Stored items:

=== Begin Enclosure ===

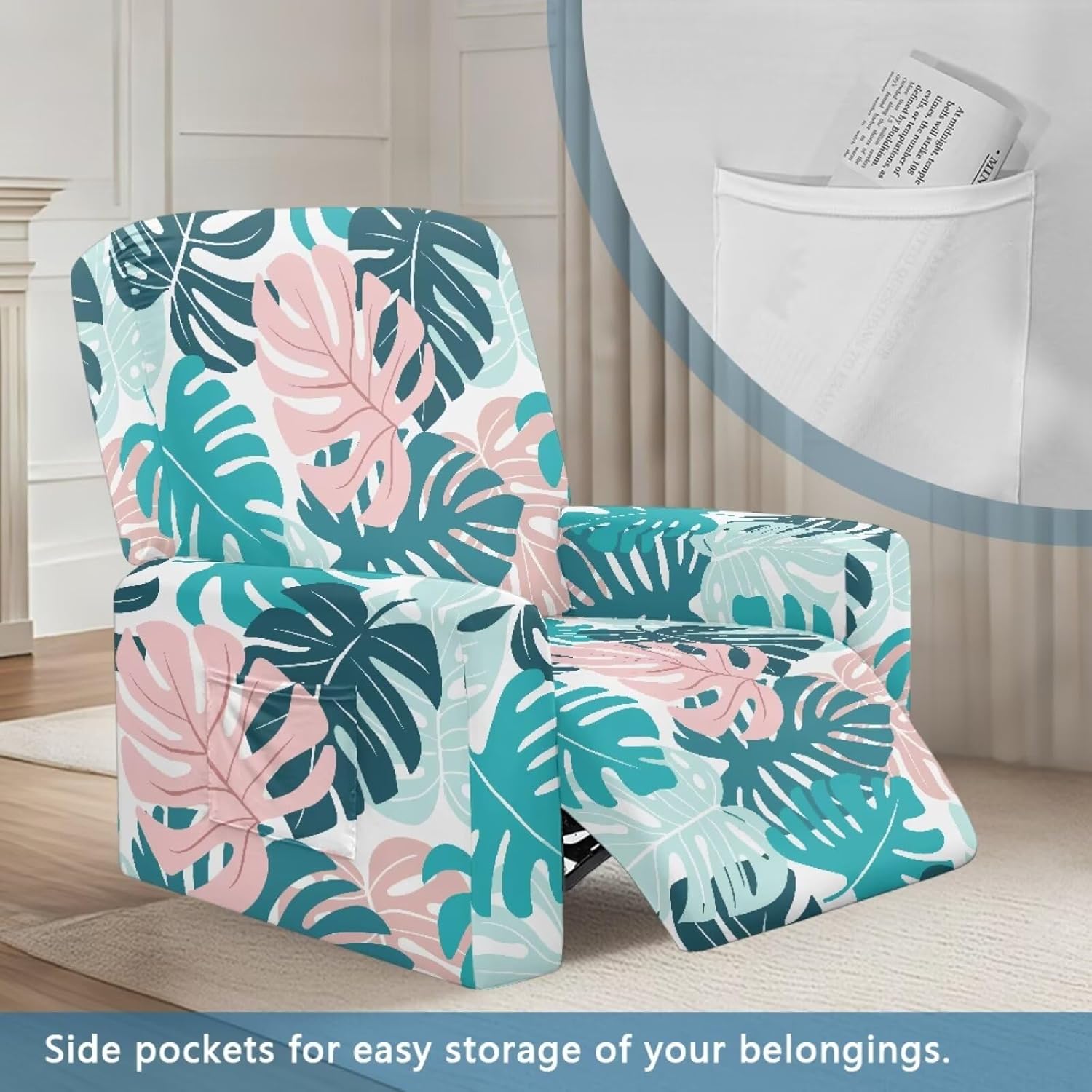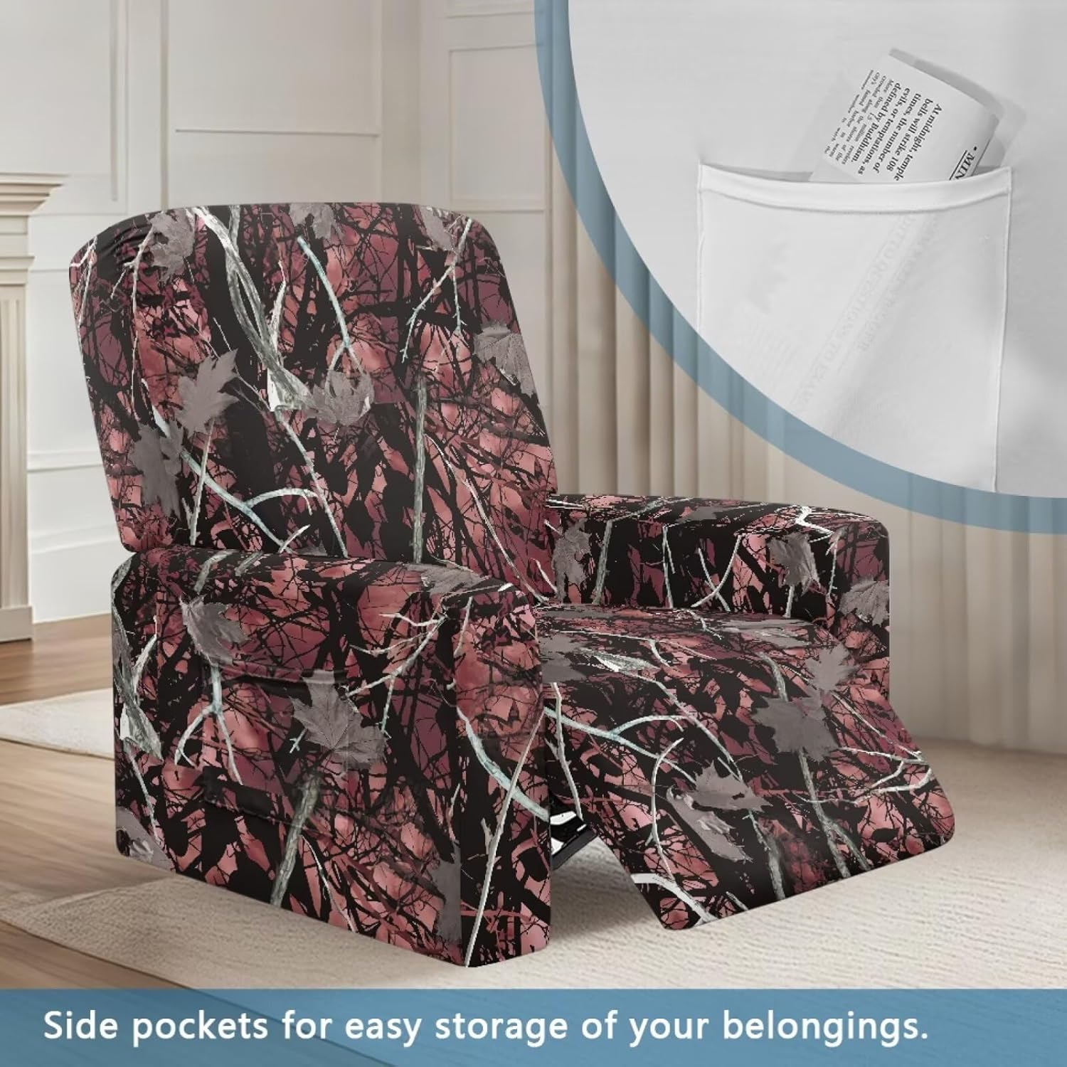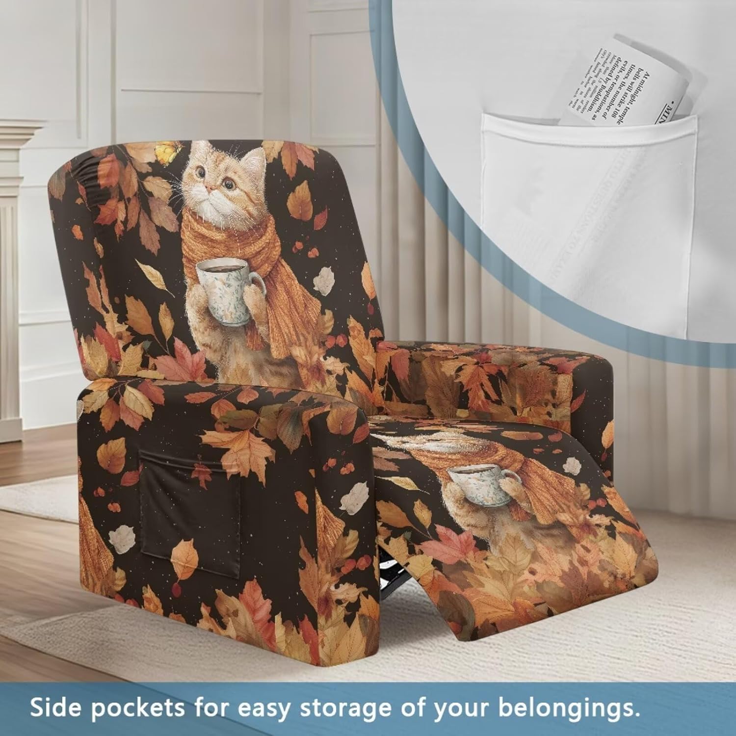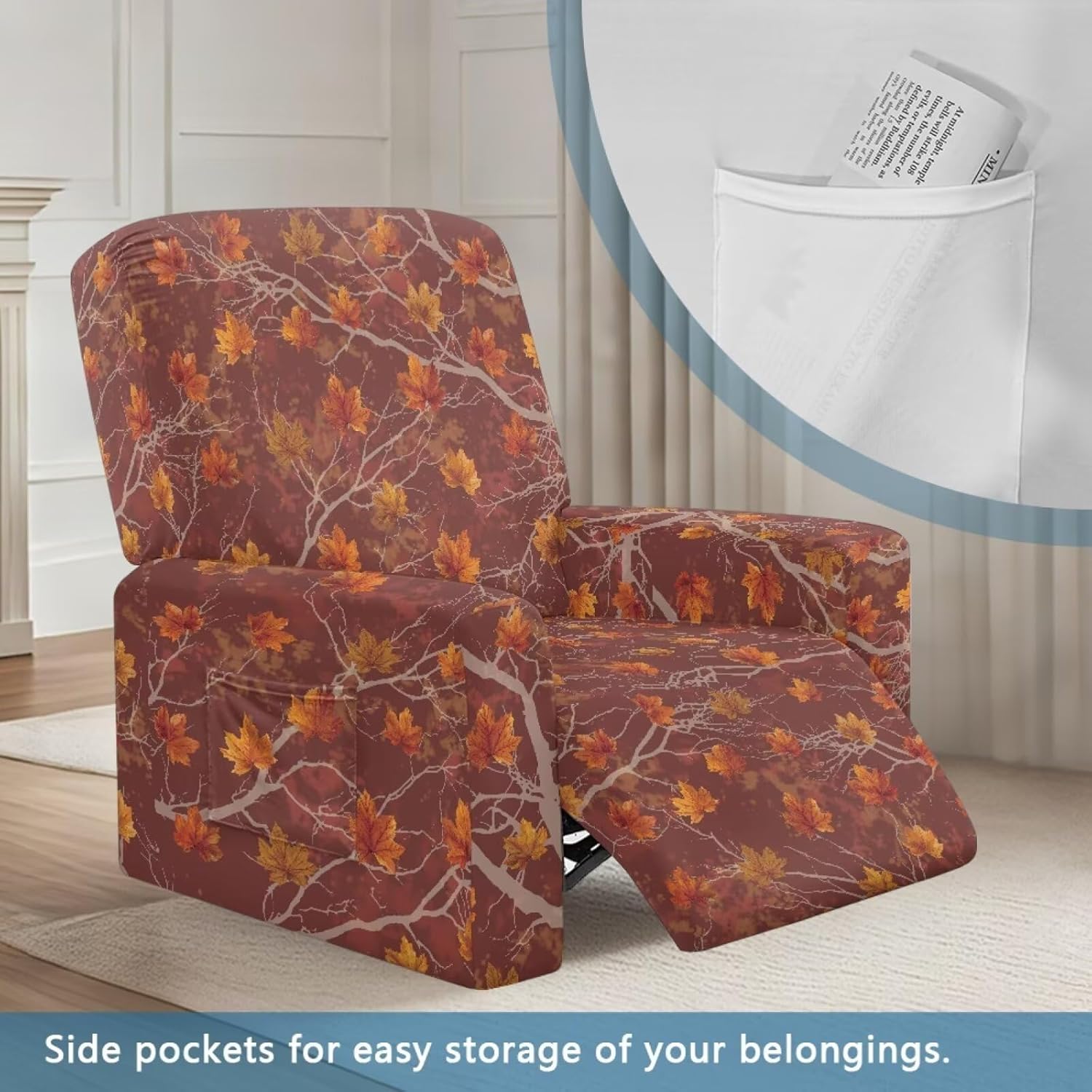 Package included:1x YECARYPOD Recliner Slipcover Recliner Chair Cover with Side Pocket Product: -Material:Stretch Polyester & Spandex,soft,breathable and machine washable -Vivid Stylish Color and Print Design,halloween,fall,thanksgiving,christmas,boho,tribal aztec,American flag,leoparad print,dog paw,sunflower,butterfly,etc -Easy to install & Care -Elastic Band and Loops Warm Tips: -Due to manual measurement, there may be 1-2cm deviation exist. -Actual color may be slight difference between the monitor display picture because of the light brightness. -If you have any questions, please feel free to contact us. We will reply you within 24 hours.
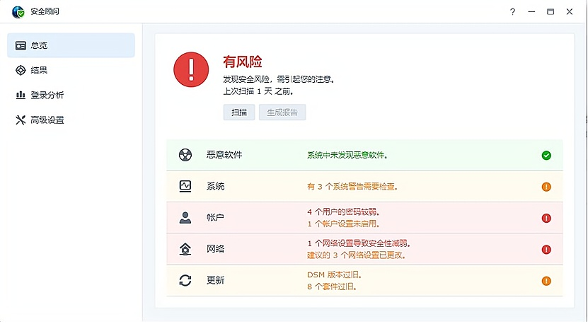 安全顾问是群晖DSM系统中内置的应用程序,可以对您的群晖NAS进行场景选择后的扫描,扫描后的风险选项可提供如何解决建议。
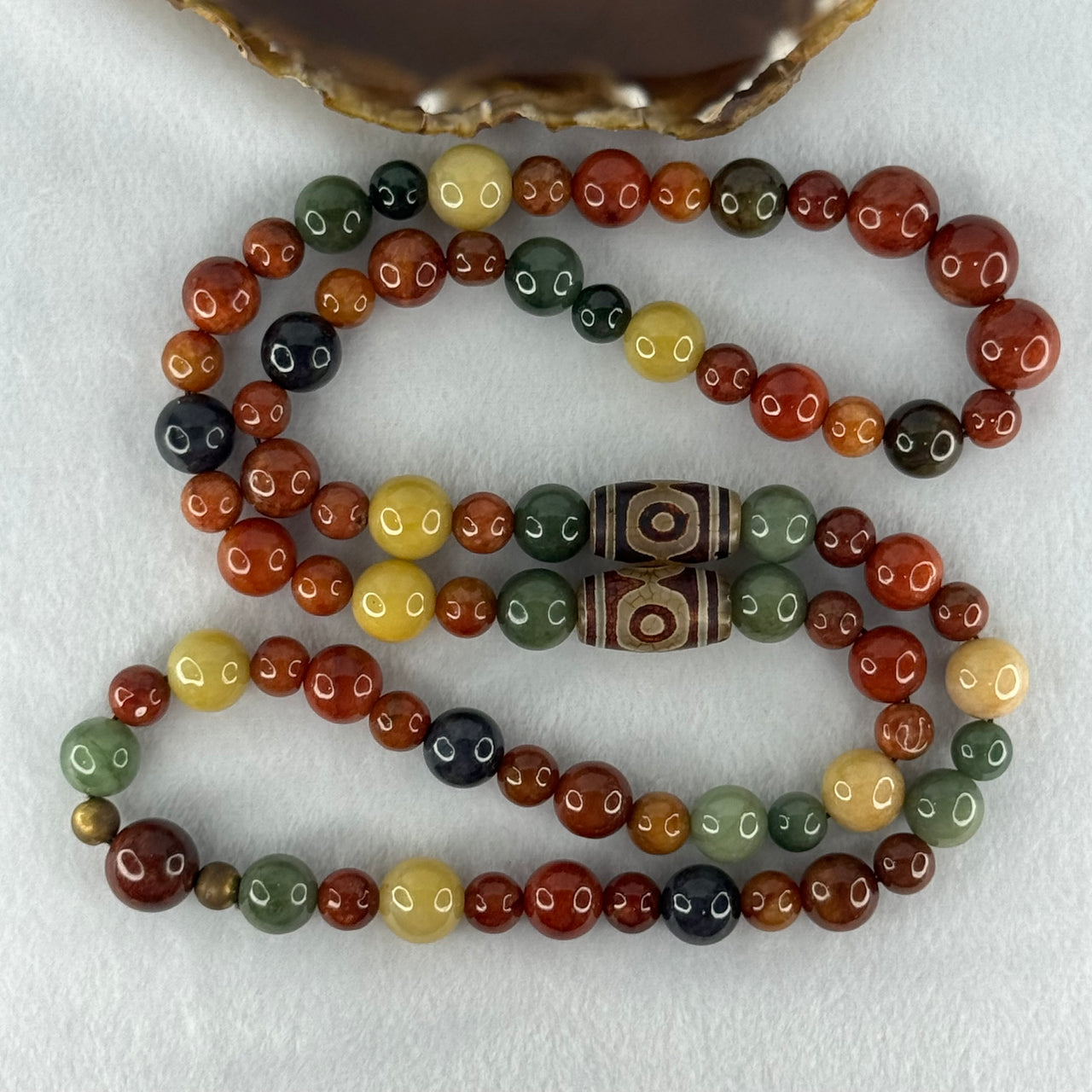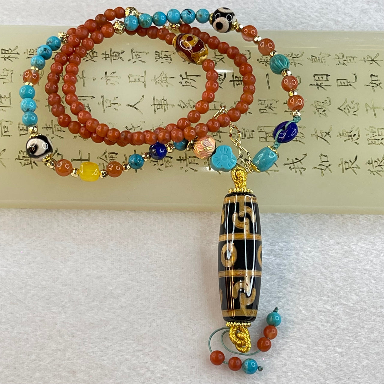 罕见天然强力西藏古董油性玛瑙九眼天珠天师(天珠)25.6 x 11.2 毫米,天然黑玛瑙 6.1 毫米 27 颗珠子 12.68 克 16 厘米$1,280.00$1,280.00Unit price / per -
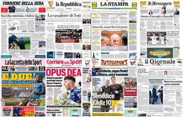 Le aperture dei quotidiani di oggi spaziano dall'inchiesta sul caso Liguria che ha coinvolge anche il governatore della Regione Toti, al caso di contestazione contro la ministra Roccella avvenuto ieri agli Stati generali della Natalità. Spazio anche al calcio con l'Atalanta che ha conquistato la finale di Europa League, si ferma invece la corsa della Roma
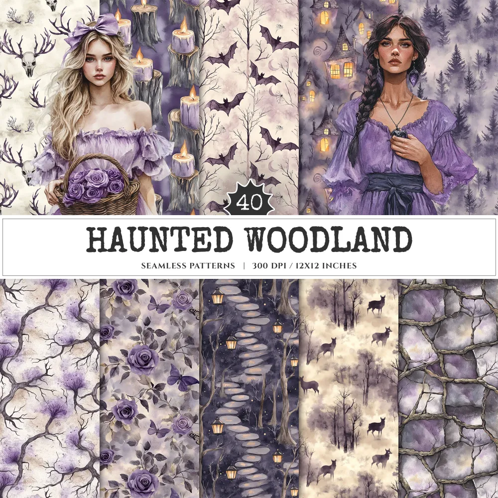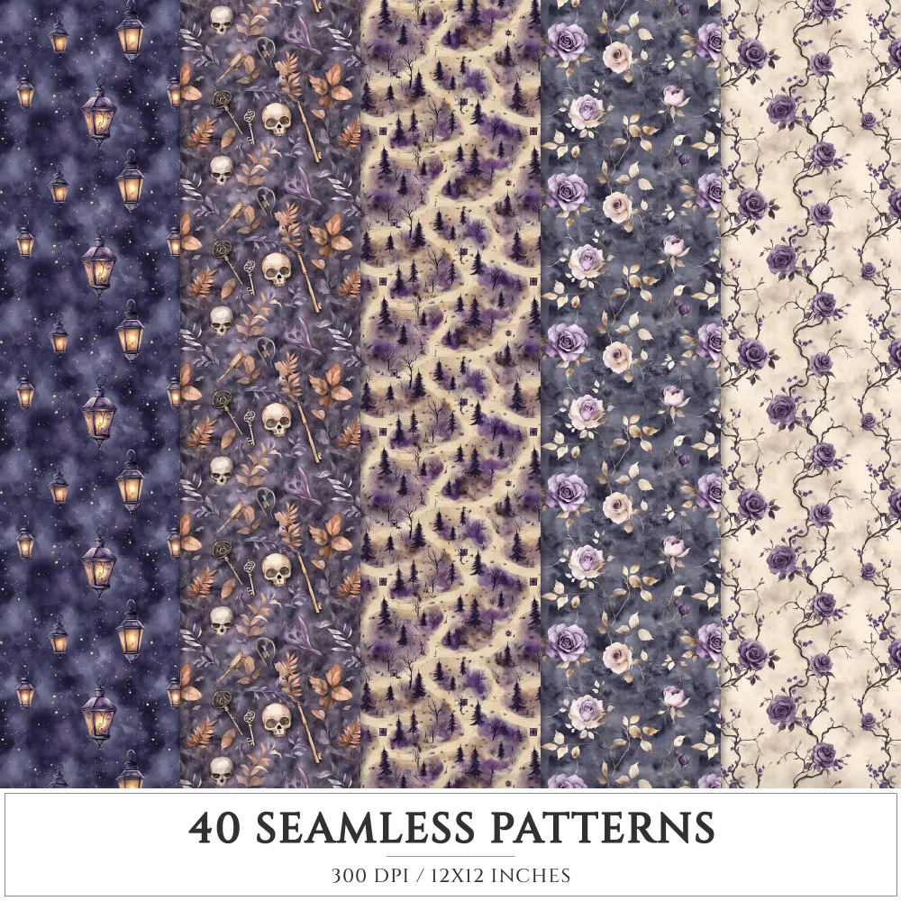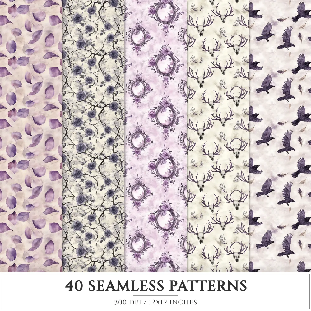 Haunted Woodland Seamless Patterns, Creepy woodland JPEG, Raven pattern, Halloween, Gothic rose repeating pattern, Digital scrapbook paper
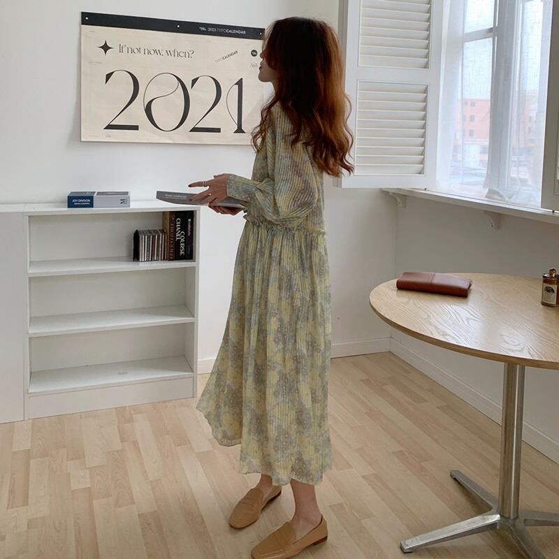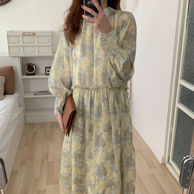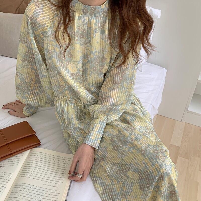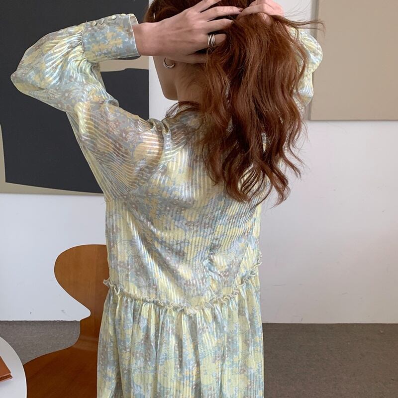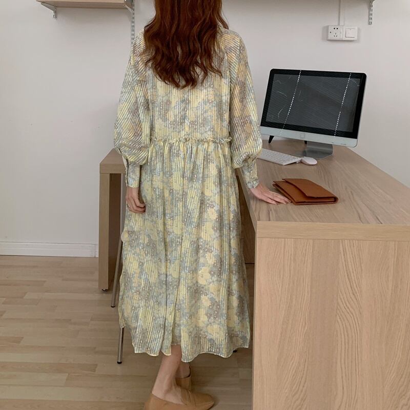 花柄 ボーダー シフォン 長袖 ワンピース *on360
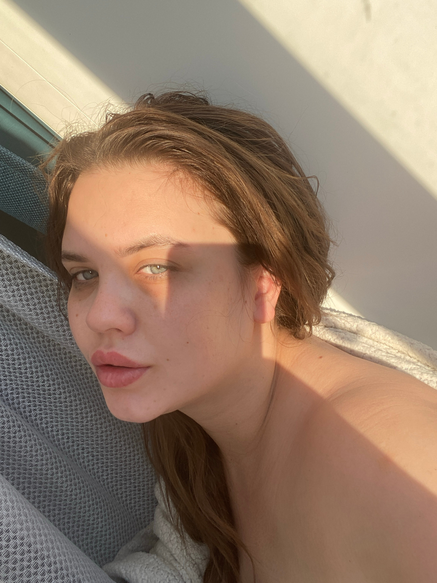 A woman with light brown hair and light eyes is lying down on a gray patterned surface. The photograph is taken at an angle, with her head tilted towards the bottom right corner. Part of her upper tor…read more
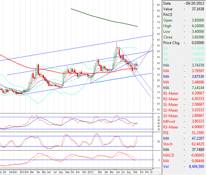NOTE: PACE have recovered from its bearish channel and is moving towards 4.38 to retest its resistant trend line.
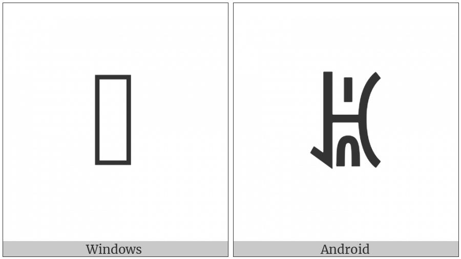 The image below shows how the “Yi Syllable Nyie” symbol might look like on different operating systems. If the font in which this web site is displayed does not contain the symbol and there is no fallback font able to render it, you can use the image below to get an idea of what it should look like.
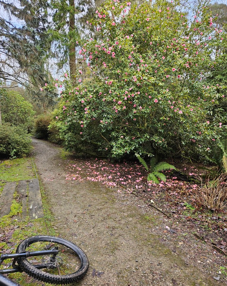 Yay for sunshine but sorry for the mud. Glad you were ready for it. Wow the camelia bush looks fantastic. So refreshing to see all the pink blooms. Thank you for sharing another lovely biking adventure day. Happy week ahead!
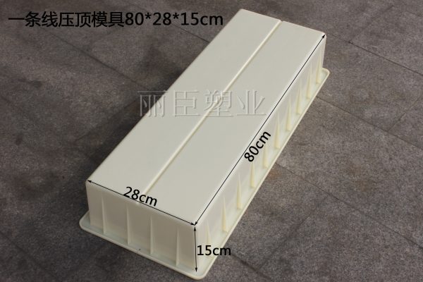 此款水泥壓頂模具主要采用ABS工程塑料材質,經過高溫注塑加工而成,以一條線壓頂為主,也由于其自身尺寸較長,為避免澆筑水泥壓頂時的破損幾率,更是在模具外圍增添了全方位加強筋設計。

=== End Enclosure ===

The exact lines from the beginning of the data through the one that contains "罕见天然强力西藏古董油性玛瑙九眼天珠天师(天珠)25.6 x 11.2" must be given again, both ends included, and pictures must be left out.

 Package included:1x YECARYPOD Recliner Slipcover Recliner Chair Cover with Side Pocket Product: -Material:Stretch Polyester & Spandex,soft,breathable and machine washable -Vivid Stylish Color and Print Design,halloween,fall,thanksgiving,christmas,boho,tribal aztec,American flag,leoparad print,dog paw,sunflower,butterfly,etc -Easy to install & Care -Elastic Band and Loops Warm Tips: -Due to manual measurement, there may be 1-2cm deviation exist. -Actual color may be slight difference between the monitor display picture because of the light brightness. -If you have any questions, please feel free to contact us. We will reply you within 24 hours.
 安全顾问是群晖DSM系统中内置的应用程序,可以对您的群晖NAS进行场景选择后的扫描,扫描后的风险选项可提供如何解决建议。
 罕见天然强力西藏古董油性玛瑙九眼天珠天师(天珠)25.6 x 11.2 毫米,天然黑玛瑙 6.1 毫米 27 颗珠子 12.68 克 16 厘米$1,280.00$1,280.00Unit price / per -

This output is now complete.